Cass. pen. Sez. V, Sent., (ud. 12-11-2010) 08-02-2011, n. 4541

Sentenza scelta dal dott. Domenico Cirasole direttore del sito giuridico http://www.gadit.it/

Svolgimento del processo

Con la sentenza indicata in epigrafe il Tribunale di Ascoli Piceno confermava la sentenza del 16 ottobre 2008 con la quale il Giudice di pace di quella stessa città aveva dichiarato G.M.R. colpevole dei reati di ingiuria e minacce in danno di S. F. e, per l’effetto, l’aveva condannata alla pena ritenuta di giustizia nonchè al risarcimento dei danni in favore della persona offesa, costituitasi parte civile.

Avverso la pronuncia anzidetta il difensore ha proposto ricorso per cassazione affidato alle ragioni di censura indicate in parte motiva.
Motivi della decisione

1. – Con il primo motivo d’impugnazione parte ricorrente lamenta violazione dell’art. 606, comma 1, lett. b), per violazione dell’art. 81 c.p., art. 594 c.p., comma 1, e artt. 4 e 612 c.p., e dell’art. 606 c.p.p., comma 1, lett. c), in relazione agli artt. 192 e 530 c.p.p., nonchè difetto di motivazione e travisamento della prova ai sensi dello stesso art. 606, lett. e). Si duole, al riguardo, della valutazione delle risultanze processuali, asseritamente inidonee a sostenere l’ipotesi accusatorie e sostanzialmente travisate. In particolare, non era stato tenuto conto del fatto che le espressioni ritenute offensive sarebbero state pronunciate davanti alla porta d’ingresso dell’alloggio nel cui possesso essa ricorrente era stata reimmessa, in esito ad azione possessoria, senza peraltro potervi accedere in quanto la persona offesa, assente il marito G. A., aveva bloccato la stessa porta, dall’interno, con un lucchetto. Le espressioni anzidette sarebbero state, dunque, profferite senza che l’imputata sapesse che al di là della porta vi fosse la S. che, peraltro, non era stata identificata dal brigadiere Q.T., intervenuto sul posto.

Il secondo motivo lamenta violazione dell’art. 185 c.p.p., e art. 538 c.p.p., ai sensi dell’art. 606, comma 1, lett. c), nonchè mancanza di motivazione ai sensi dello stesso art. 606 c.p.p., comma 1, lett. e). Si duole, in particolare, che il giudice di appello abbia confermato la condanna dell’imputata al pagamento in favore della parte civile della somma di Euro 300,00 a titolo di risarcimento del danno, senza motivare in alcun modo la sua decisione.
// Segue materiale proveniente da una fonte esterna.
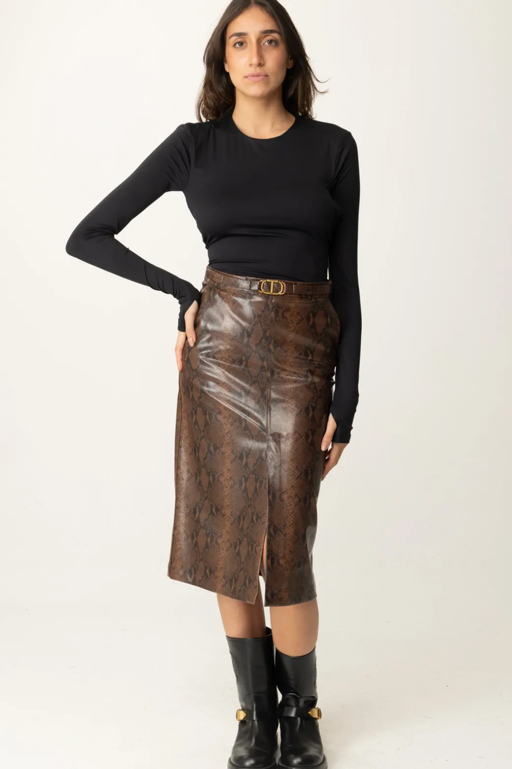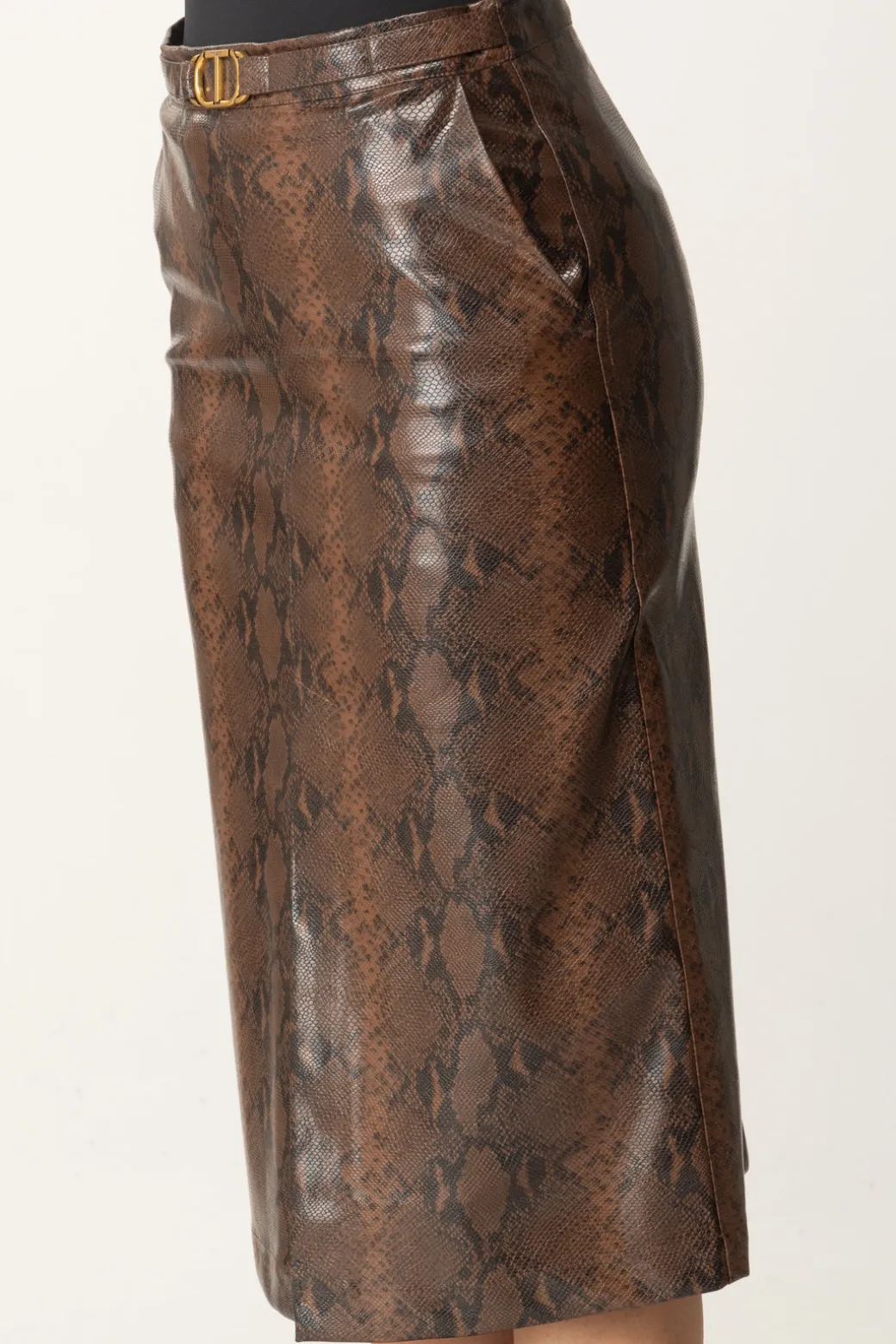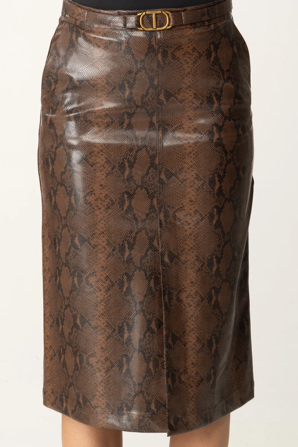 Non tutte le longuette sono uguali, altrimenti non potrebbe spiccare questa gonna midi Twinset in pelle effetto lizar, femminile e cool come poche altre! Vita contrassegnata da logo Oval T in metallo e spacchetto laterale, un capo sofisticato per look che lo siano altrettanto, da indossare h24 cambiando abbinamenti.

2. – La prima ragione di censura è priva di fondamento. Ed invero, dall’insieme motivazionale della sentenza impugnata – integrato per quanto di ragione dalla motivazione della pronuncia di primo grado, che, stante la convergenza in punto di penale responsabilità, forma con quella in esame una sola entità giuridica – risultano chiaramente indicate le ragioni della ritenuta sussistenza, nel caso di specie, dei presupposti soggettivi ed oggettivi dei contestati reati di ingiuria e di minacce. In particolare, è stato motivatamente ritenuto pacifico che la ricorrente avesse piena consapevolezza che, al di là della porta sbarrata, vi fosse la persona offesa, che si era rifiutata di aprire, tanto da indurre la stessa G. a chiedere l’intervento dei Carabinieri, in presenza dei quali sono state profferite le espressioni ingiuriose e minacciose.

La seconda doglianza è pur essa infondata. Ed infatti, il giudice di appello ha chiaramente spiegato che la somma liquidata rappresentava, per la sua pochezza, il ristoro minimo delle conseguenze dannose dei reati in questione, apprezzabili sul piano del disagio, sofferenza e turbamento arrecati dall’imputata, dunque del danno morale. 3. – Per quanto precede, il ricorso deve essere rigettato, con le consequenziali statuizioni espresse in dispositivo, anche in ordine alla condanna della ricorrente alla rifusione delle spese sostenute dalla parte civile, determinate come da dispositivo.
P.Q.M.

Rigetta il ricorso e condanna la ricorrente al pagamento delle spese processuali nonchè alla rifusione delle spese sostenute nel grado dalla parte civile, liquidate in complessivi Euro 1,200,00, oltre accessori come per legge.